Becoming a Librarian Amidst a Professional Identity Crisis
Keywords:Intellectual freedom, LIS curriculum, Inclusive, Room booking
Adopted in the late 1930s, the Library Bill of Rights grounded the profession in the core value of intellectual freedom. This core value was challenged in the 1930s, the 1960s, the 1990s, and again in recent years by calls for social responsibility within our ranks. The re-occurrent discomfort with upholding intellectual freedom is particularly evident today in the case of public library third party meeting room bookings by controversial speakers. Both the Toronto Public Library and the Vancouver Public Library (as well as the Edmonton Public Library for lending its support) have come under scrutiny by both specific voices within the field as well as the community more broadly.

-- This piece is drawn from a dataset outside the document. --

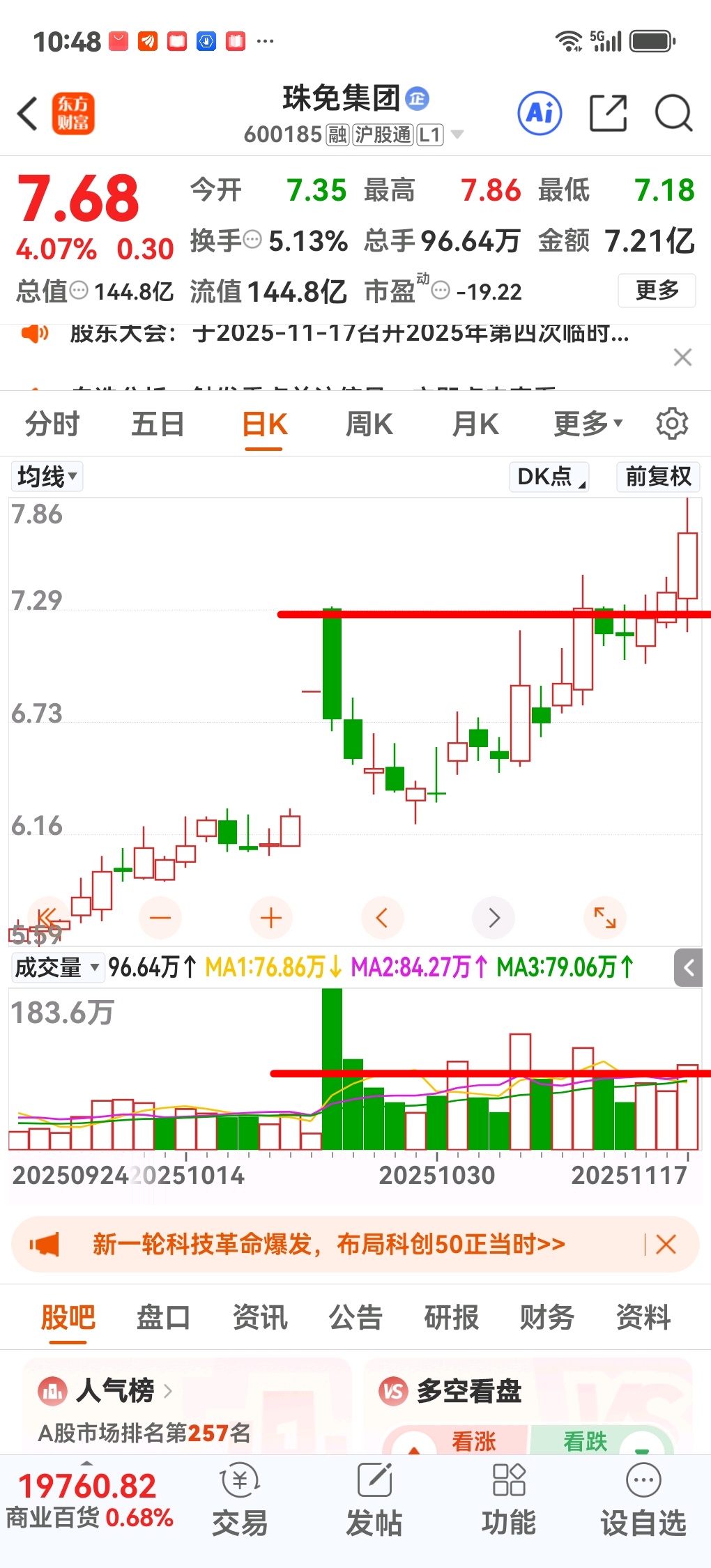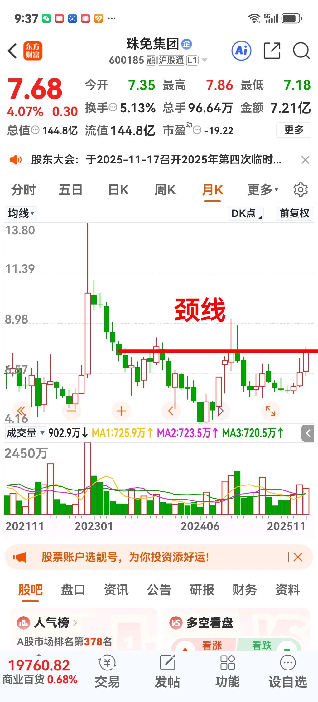 $珠免集团(SH600185)$ 珠免集团,山鸡变凤凰,日线看,主力前期用了江湖中较为凶悍的天量大阴线洗盘甩开浮筹,月线技术面正在构筑复合头肩底的右肩,根据公式,先保守看7.5+(9-4)=12.5大元

This is not the first time, nor will it be the last time, that publicly funded libraries are faced with controversy surrounding intellectual freedom.
Using critical information theory, this presentation examines important questions: How is intellectual freedom defined, redefined and confined today? What is the relationship between the core value of intellectual freedom and sister core values such as social responsibility, diversity and democracy? How do we uphold professional ethics (e.g., IFLA Code for Librarians and Other Information Workers) in instances when our personal, professional, institutional and/or association commitments do not align? As a 2019-20 SLIS research assistant, these questions are rooted in my ongoing academic explorations with Dr. Samek of the nature and extent LIS curricula (for both professionals and paraprofessionals) prepares graduates to negotiate the perpetually complicated core value of intellectual freedom from a position of confidence, and not fear, defensiveness or divisiveness.